■ HOW TO COMPLETE THIS TASK: Beginning with the first entry, restate the data word for word and leave out the images.

Entries taken from a collection:
#####

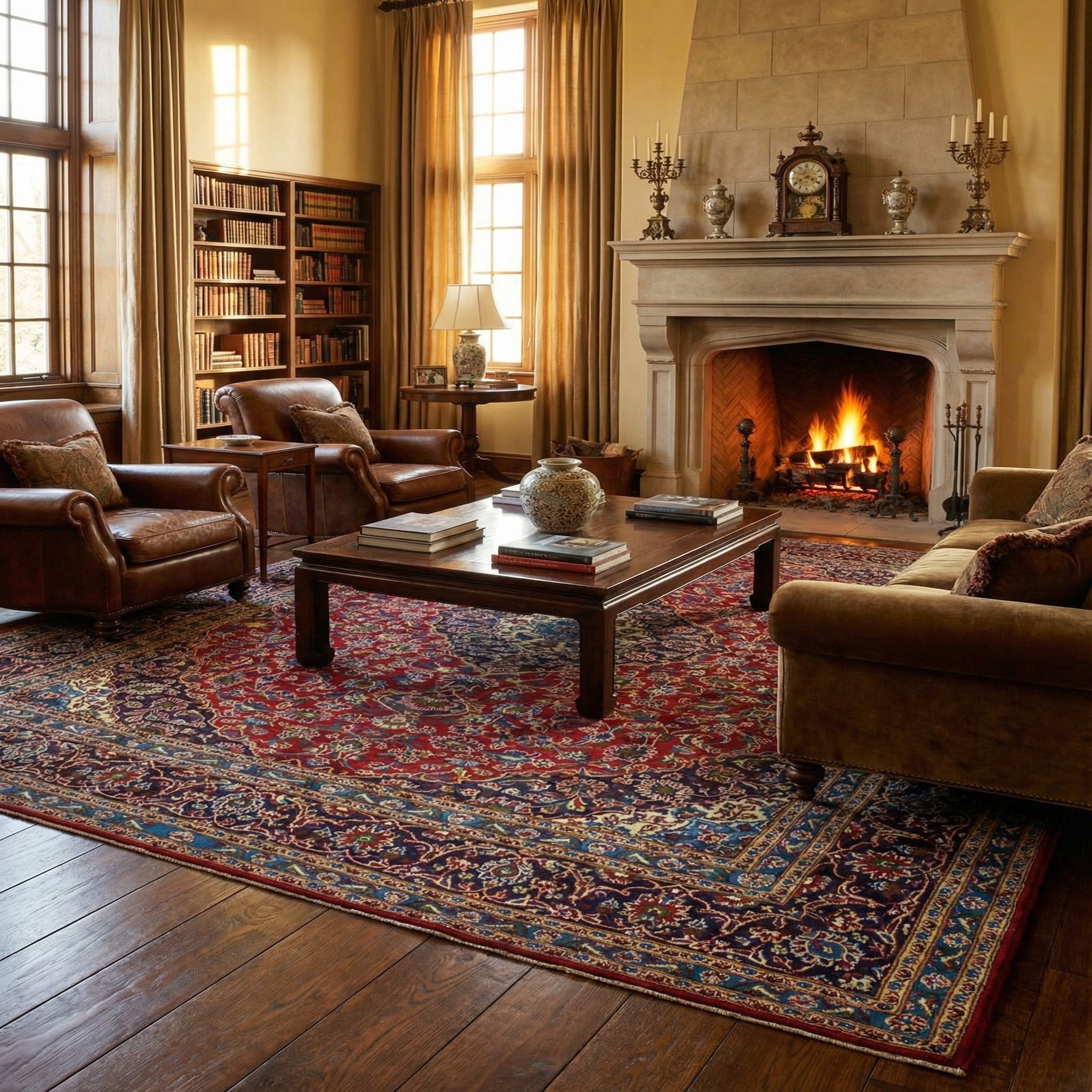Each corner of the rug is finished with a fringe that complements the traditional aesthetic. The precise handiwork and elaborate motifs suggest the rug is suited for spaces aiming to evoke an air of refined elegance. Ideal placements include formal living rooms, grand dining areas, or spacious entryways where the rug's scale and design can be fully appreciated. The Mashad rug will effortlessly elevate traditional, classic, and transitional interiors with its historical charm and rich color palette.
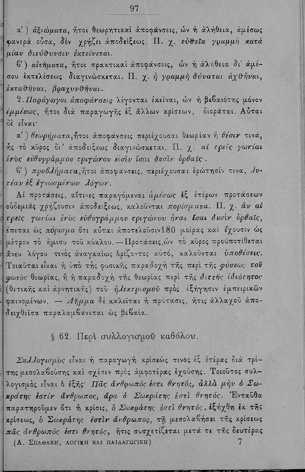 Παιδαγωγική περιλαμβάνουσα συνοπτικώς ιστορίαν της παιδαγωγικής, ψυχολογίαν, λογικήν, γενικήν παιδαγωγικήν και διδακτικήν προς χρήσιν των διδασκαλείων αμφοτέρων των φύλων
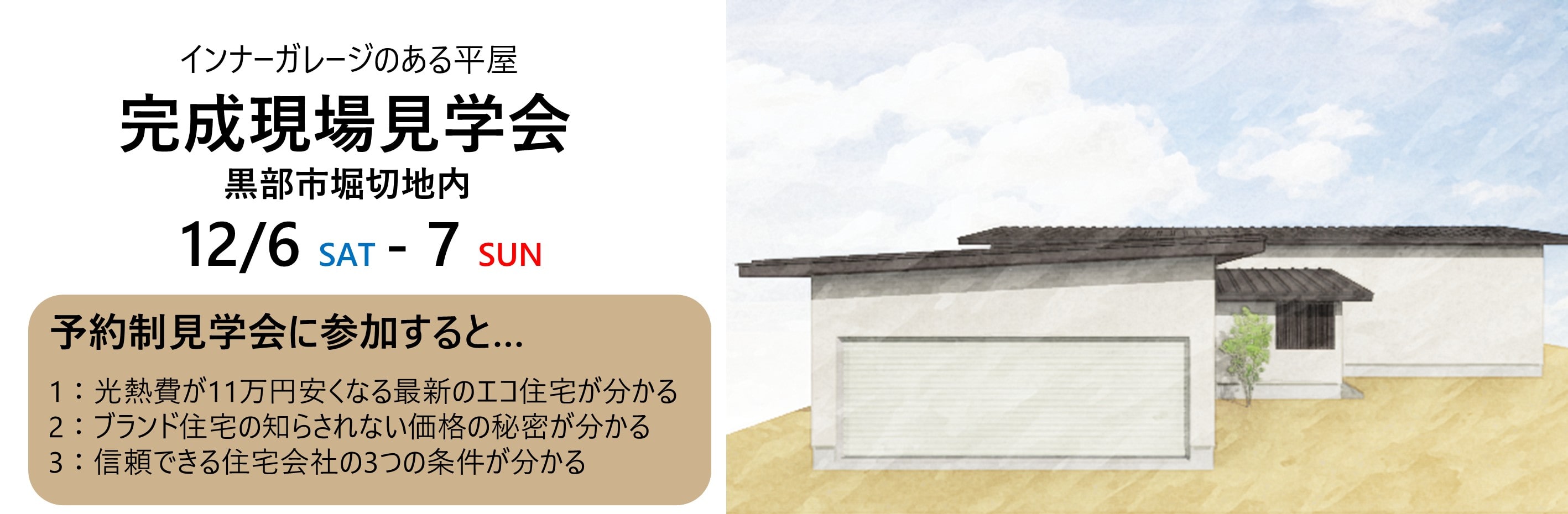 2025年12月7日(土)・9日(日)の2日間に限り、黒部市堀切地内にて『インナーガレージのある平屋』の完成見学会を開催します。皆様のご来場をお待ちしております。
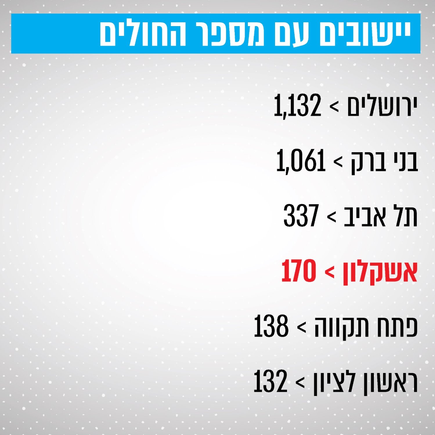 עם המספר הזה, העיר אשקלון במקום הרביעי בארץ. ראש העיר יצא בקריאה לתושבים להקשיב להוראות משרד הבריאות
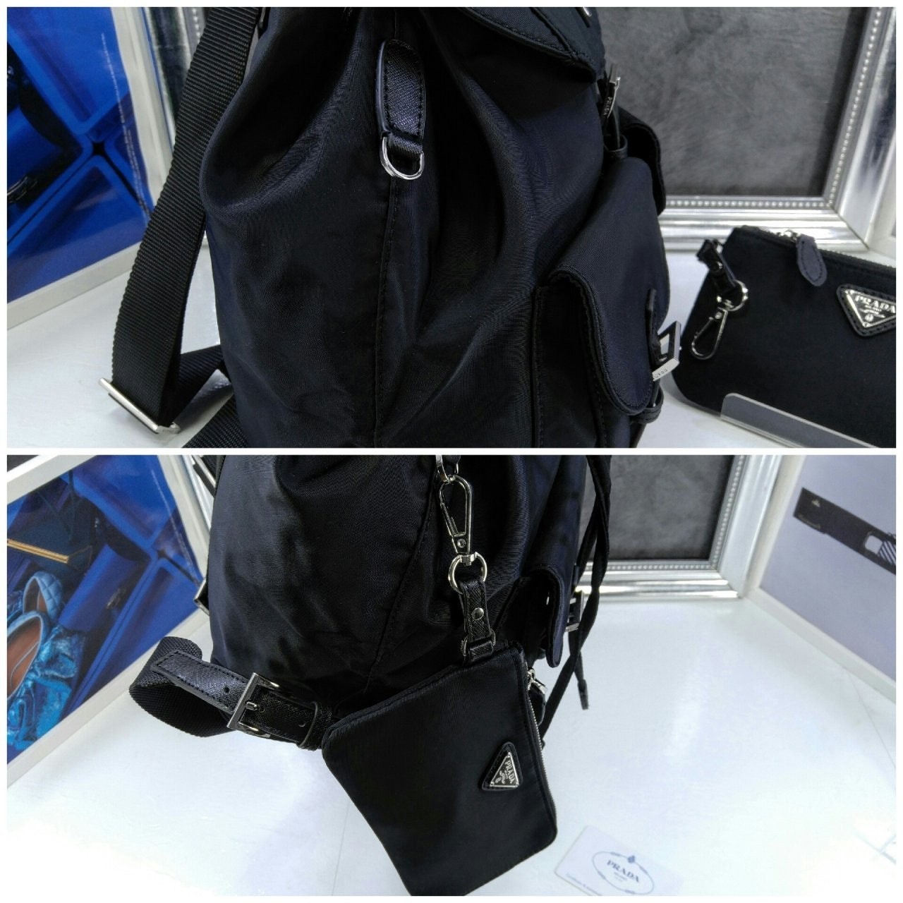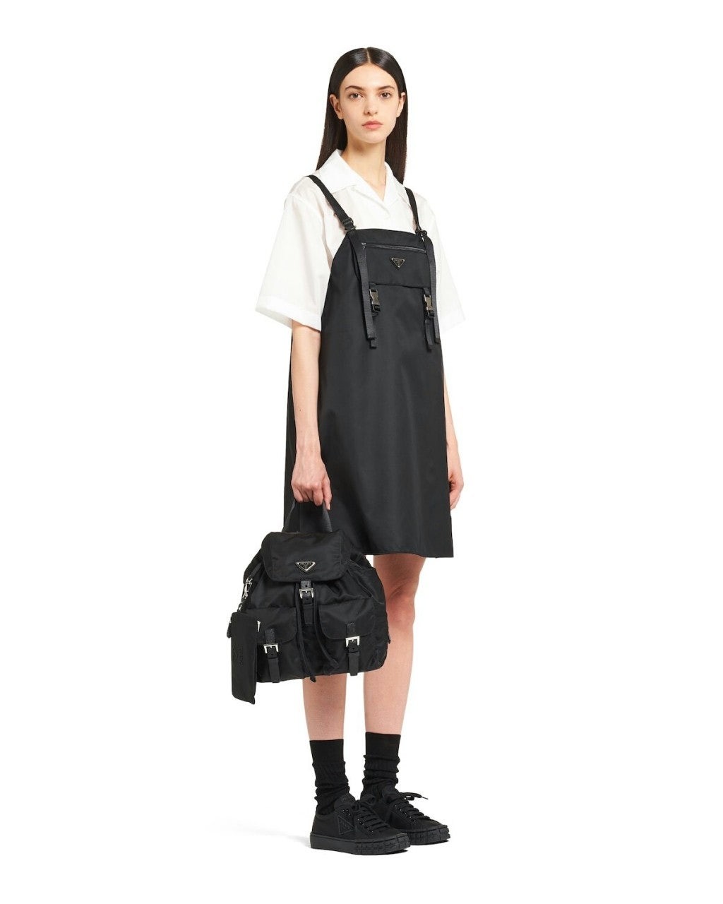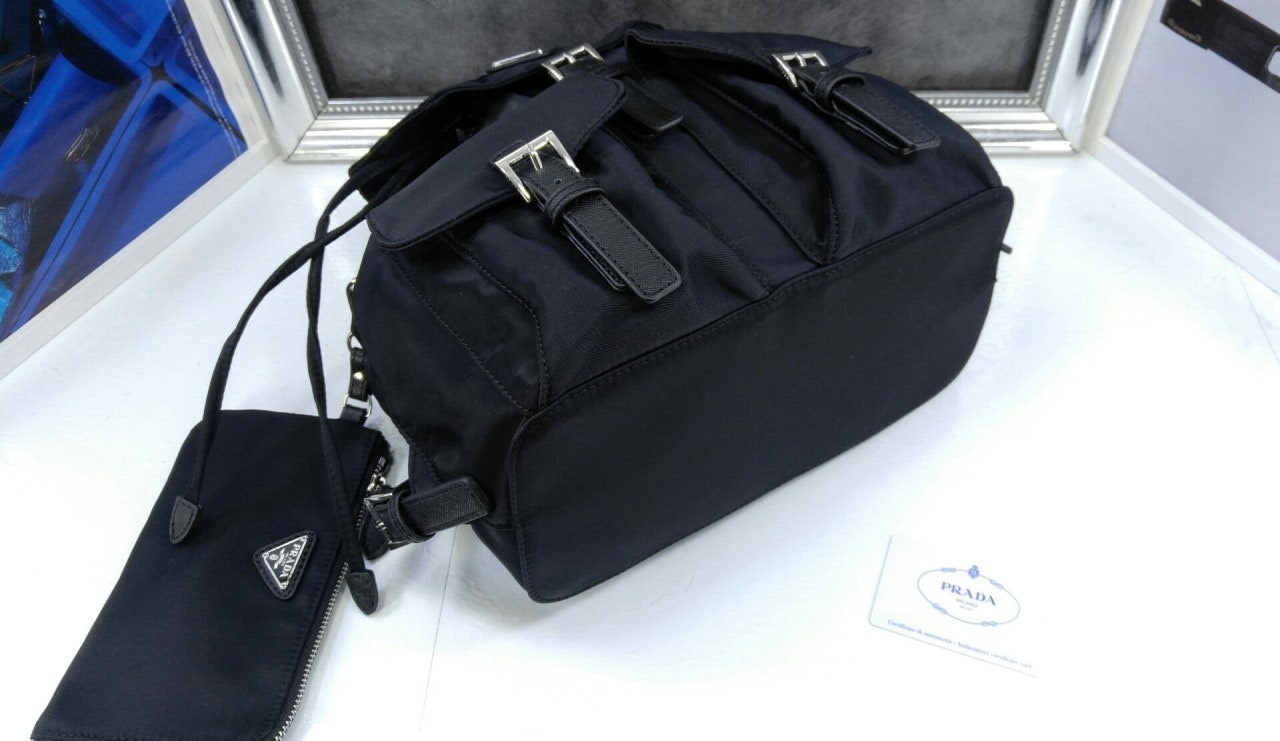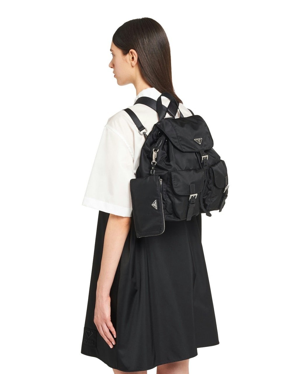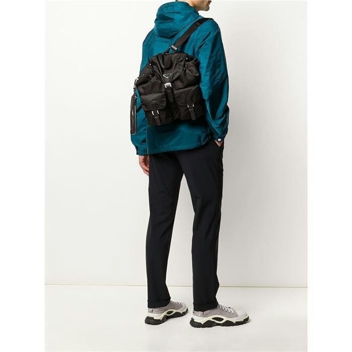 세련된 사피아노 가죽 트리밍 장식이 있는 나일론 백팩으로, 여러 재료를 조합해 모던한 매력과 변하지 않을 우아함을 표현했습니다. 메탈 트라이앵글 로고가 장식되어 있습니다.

#####

■ ANSWER BOX:
Each corner of the rug is finished with a fringe that complements the traditional aesthetic. The precise handiwork and elaborate motifs suggest the rug is suited for spaces aiming to evoke an air of refined elegance. Ideal placements include formal living rooms, grand dining areas, or spacious entryways where the rug's scale and design can be fully appreciated. The Mashad rug will effortlessly elevate traditional, classic, and transitional interiors with its historical charm and rich color palette.
 Παιδαγωγική περιλαμβάνουσα συνοπτικώς ιστορίαν της παιδαγωγικής, ψυχολογίαν, λογικήν, γενικήν παιδαγωγικήν και διδακτικήν προς χρήσιν των διδασκαλείων αμφοτέρων των φύλων
 2025年12月7日(土)・9日(日)の2日間に限り、黒部市堀切地内にて『インナーガレージのある平屋』の完成見学会を開催します。皆様のご来場をお待ちしております。
 עם המספר הזה, העיר אשקלון במקום הרביעי בארץ. ראש העיר יצא בקריאה לתושבים להקשיב להוראות משרד הבריאות
 세련된 사피아노 가죽 트리밍 장식이 있는 나일론 백팩으로, 여러 재료를 조합해 모던한 매력과 변하지 않을 우아함을 표현했습니다. 메탈 트라이앵글 로고가 장식되어 있습니다.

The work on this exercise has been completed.